So I suggest to measure social utility by the LOWER QUARTILE of the individual utilities (= that utility value where one quarter of the voters is below and three quarters of the voters are above).
So this means that perhaps we should look at the set of CR values for each candidate, and the candidate who has the highest number q such that the number of his CR values that are above q are at least three times the number of CR values below q ... that candidate should be the winner according to social utility considerations.
[If two candidates have the same q, then the one with the higher ratio should win.]
I like this because, it tends to be the lower quartile of the population that has the greatest actual need, while the richest quartile can readily buy whatever they think they need.
Average utility would make more sense if the benefits actually averaged out, i.e. if they actually got spread around, but under modern Bush style capitalism the trickle down leaks have been effectively caulked.
On a related note:
I like methods that make use of CR ballots but satisfy the following property:
If all of the CR ballots are transformed by different affine transformations, the winner of the method will not be changed.

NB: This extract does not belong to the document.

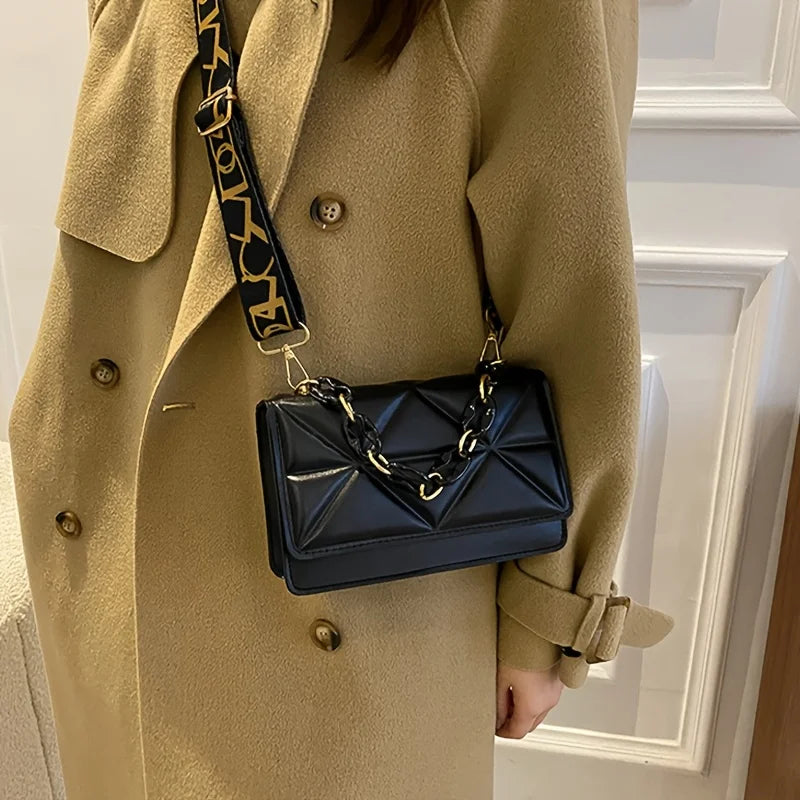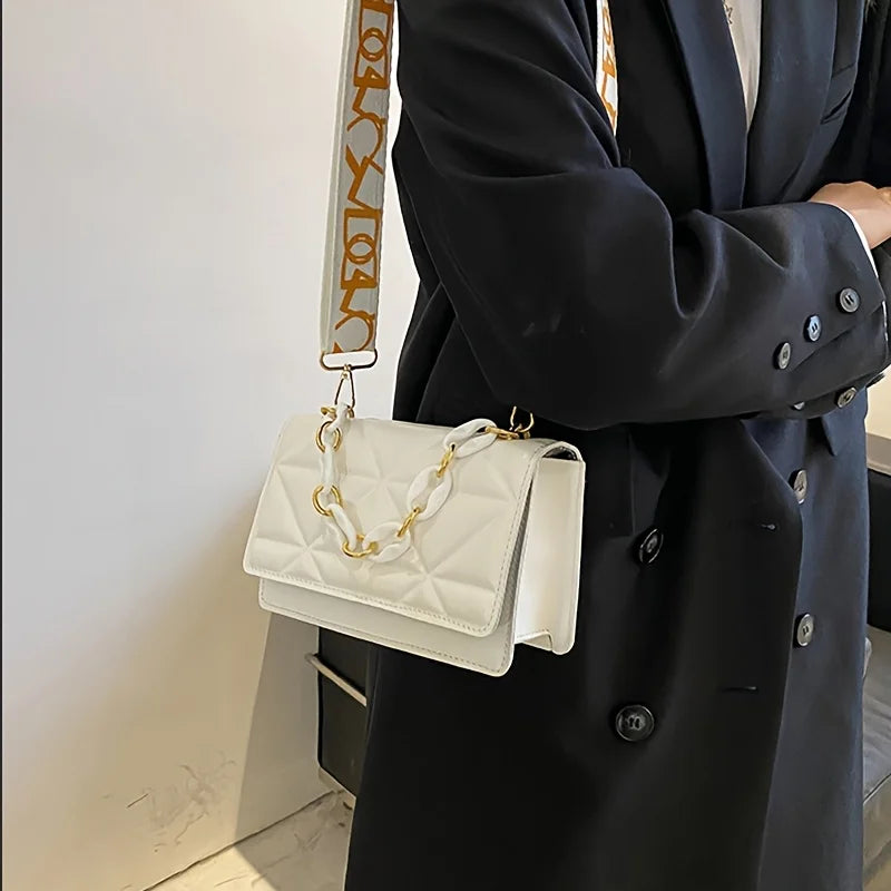 2025 New Fashion Women's Bag - Simple & Casual Retro Shoulder Bag with Wide Strap, Trendy Small Purse with Chunky Chain

I suppose that we could call this Affine Invariance.
DSV methods that infer approval cutoffs for CR ballots from estimated winning probabilities satisfy this affine invariance property.
Note that the above quartile method would not satisfy this invariance, but it would satisfy another one:
If the same order preserving transformation is applied to all ballots, then the winner is unchanged.
If we use Rob's strategy A, or Joe Weinstein's above median probability approval cutoff for a DSV strategy, then both of these invariances are satisfied.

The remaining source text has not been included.